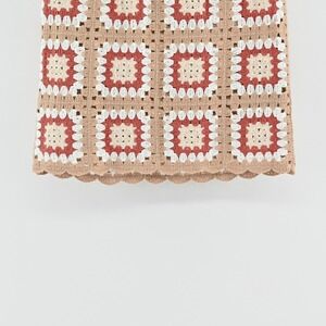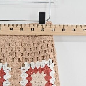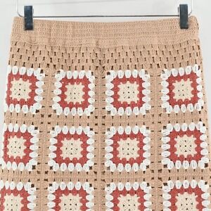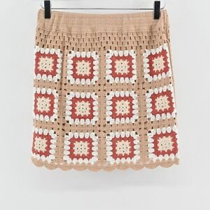 Lulus Womens Granny Squares Crochet Mini Skirt Size S Tan Boho Festival Lined
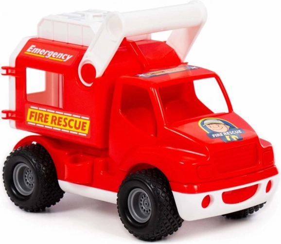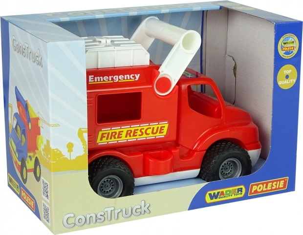 A POLESIE ConsTruck piros tűzoltóautó már 1 éves kortól örömet szerez minden kis mentőnek. A játék gumírozott, mintázott kerekekkel rendelkezik a jobb tapadásért, kihúzható létrával és nyitható rekeszekkel az apró kincseknek. Tartós műanyagból készült, és megfelel a CE tanúsítványnak – biztonságos, kreatív játékhoz ideális.
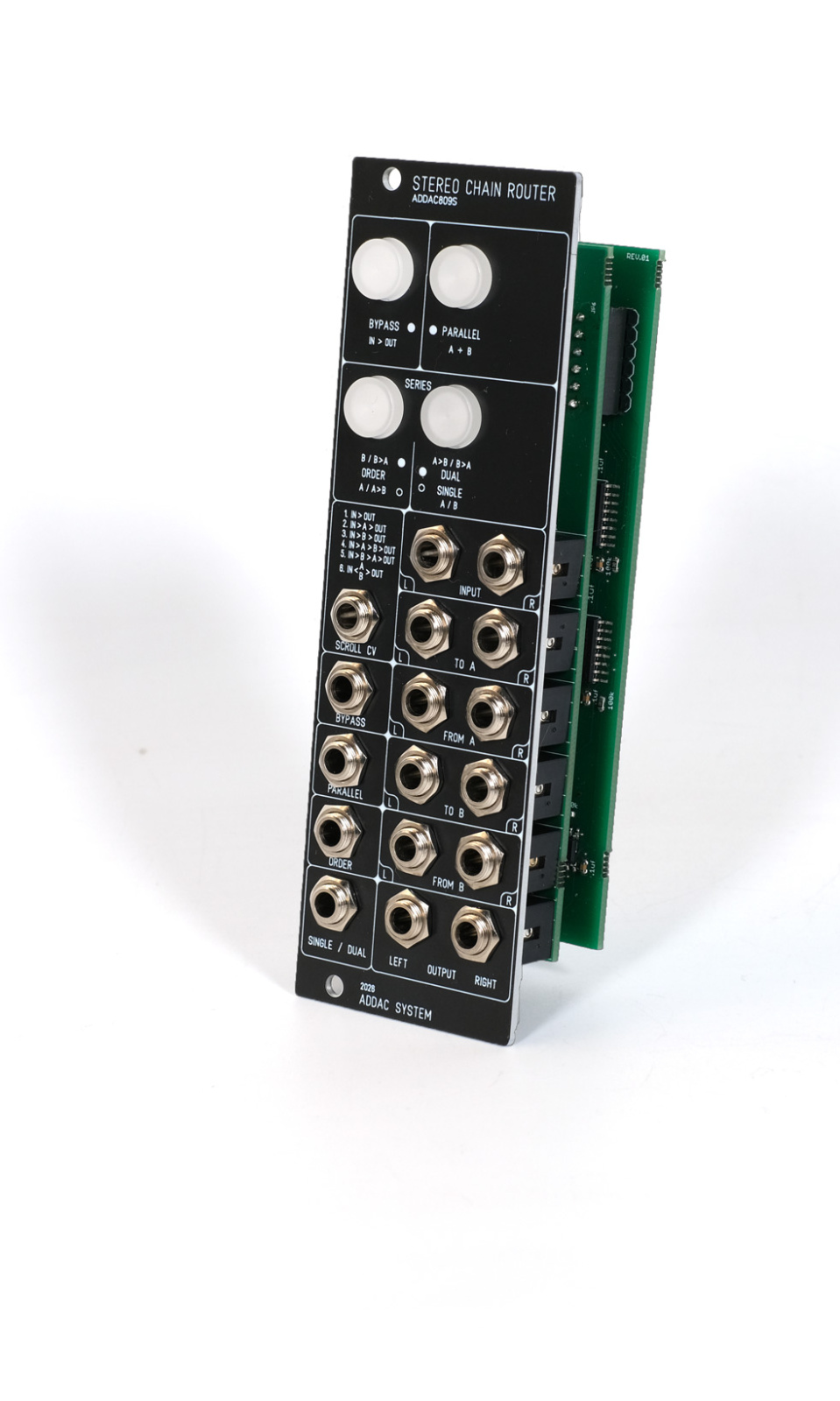 ADDAC809S is a dynamic CV operated I/O router that allows two sources (Stereo Audio or CV) to be routed through 2 different chains (of one or more modules) before being sent to an output. Six routing patterns are allowed:

## Task objective
Return the listing above in full and unaltered. Keep the pictures out.

## Output of the task
 Lulus Womens Granny Squares Crochet Mini Skirt Size S Tan Boho Festival Lined
 A POLESIE ConsTruck piros tűzoltóautó már 1 éves kortól örömet szerez minden kis mentőnek. A játék gumírozott, mintázott kerekekkel rendelkezik a jobb tapadásért, kihúzható létrával és nyitható rekeszekkel az apró kincseknek. Tartós műanyagból készült, és megfelel a CE tanúsítványnak – biztonságos, kreatív játékhoz ideális.
 ADDAC809S is a dynamic CV operated I/O router that allows two sources (Stereo Audio or CV) to be routed through 2 different chains (of one or more modules) before being sent to an output. Six routing patterns are allowed:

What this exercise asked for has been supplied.